The Retirement Rise 2.27.2023
A Charity that Pays Off Medical Debt, Is Economic Data Irrelevant?, and Do Your Financial Decisions Reflect Your Core Values?
If you don’t design your own life plan, chances are you’ll fall into someone else’s plan. And guess what they have planned for you? Not much. - Jim Rohn
This Week’s Good Financial News
I enjoyed this story from Positive.News. Two former bailiffs created a non-profit that helps families pay off burdensome medical debt.
From the story:
For 56-year-old Texan Cherie Sharp, one of the lucky millions to receive a letter from RIP, opening it was a chink of light against the unrelenting gloom of a crumbling marriage, compounded by a foot-high stack of unpaid bills.
“I was having a hard time sleeping, I was on antidepressants,” she says. “I remember being in my office at work and there were times I would just close the door and cry.
“Then I got the letter. I was suspicious at first because it just seemed too good to be true. But then it was just – wow! It was just such a wonderful gesture, a bright spot in a sea of negativity.”
Ms. Sharp’s medical debt had been paid off by RIP Medical Debt, an organization founded by two former debt collectors.
Due to the nature of medical debt collection, $10,000 donated to RIP Medical Debt can pay off up to $1,000,000 of bills. Wow!
An Investment Note for Retirees
You’ve seen headlines like this.
Prices jump ‘x'%.”
Initial unemployment claims skyrocket!
Retail sales plummet!
Where do these numbers come from? What do they mean?
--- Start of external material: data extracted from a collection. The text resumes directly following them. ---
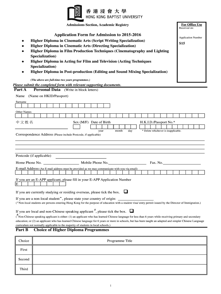 Get the free Application Form for Admission to 2015-2016 - af hkbu edu
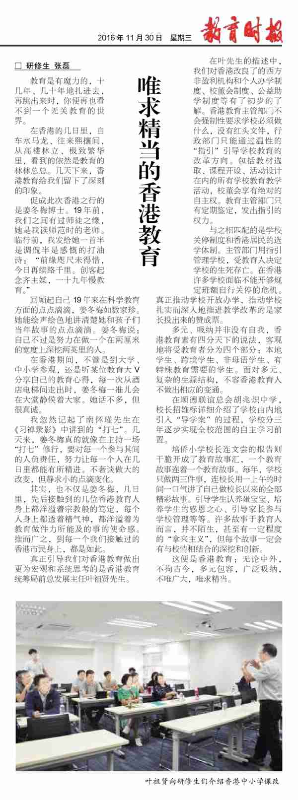 真正引导我们对香港教育做出更为宏观和系统思考的是香港教育统筹局前总发展主任叶祖贤先生。
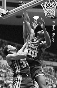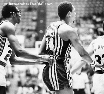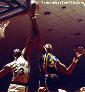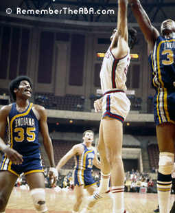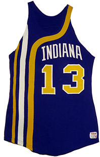 Many of the Pacers who wore this jersey are legends in their own right: Roger Brown (at right photo, # 35), Mel Daniels (at left photos, #34), George McGinnis (at right photo, #30), Freddie Lewis, Billy Keller and Bob Netolicky. |

How do we compare them to make sense of the present economic situation?
Most reporters, news readers, and investors have no idea.
In my view, headlines like this are, at best, meaningless and, at worst, attempting to scare people into reading more or paying attention.
Economic data is highly challenging to assess and think through.
For example, comparing economic data to previous months is challenging because of seasonality. We use more natural gas in the winter or gasoline over significant travel holidays, like Labor Day. Retail sales spike between Thanksgiving and Christmas and then dwindle off. You wouldn’t want to compare January retail sales to November retail sales, a month that includes Black Friday.
Analysts generally compare economic data to the year before to fix this in the data. For example, comparing January 2023 to January 2022 fixes the seasonality issue.
But it’s not perfect. These are different years! A lot has changed!
So economists also seasonally adjust data. Using complex calculation methods, they ‘smooth’ data to compare it quarter to quarter or month to month more easily. But, anytime we manipulate data, we only create more issues. Seasonally adjusted data can offer strange results after periods of extremes, like the 2008 Financial Crisis.
A recent article in the Wall Street Journal digs further.
“The sausage-making of it is economists and analysts are going to look at a lot of different time spans, different time periods,” said Ataman Ozyildirim, senior director of economics at the Conference Board. “You need a lot of different lenses to get a better handle on that momentum in the economy.”
He’s saying analyzing economic data is more art than science at the end of the day. It’s subjective. And if it’s this challenging to receive an accurate sense of where we are, imagine how fraught it is to forecast the future!
My advice? Take all economic data points with a grain of salt. Most are minor blips in a much larger and infinitely complex story. Instead, focus on what is in your control - your spending, your financial plan, how you invest - and fade the rest.
A Thought on Retire on Purpose
When we lean into purposeful money, we feel a positive impulse beginning to emanate outward. This happens when we know our values—our “why” becomes self-evident. And from our ‘why,” vision, purpose, and intention become manifest in our lives.
We begin, consciously and intuitively, asking two questions about our personal finances:
First, how do my financial decisions reflect my core values?
Second, how can my financial resources, present and future, help me move toward my envisioned life?
Sit with these questions for a moment this week. Can you draw a line between your financial decisions and your values or sense of purpose? How might you start doing this? What is your envisioned life? How can your financial plan support your desires? → From “Money with Purpose: Receive the Dividends of an Undivided Financial Life.”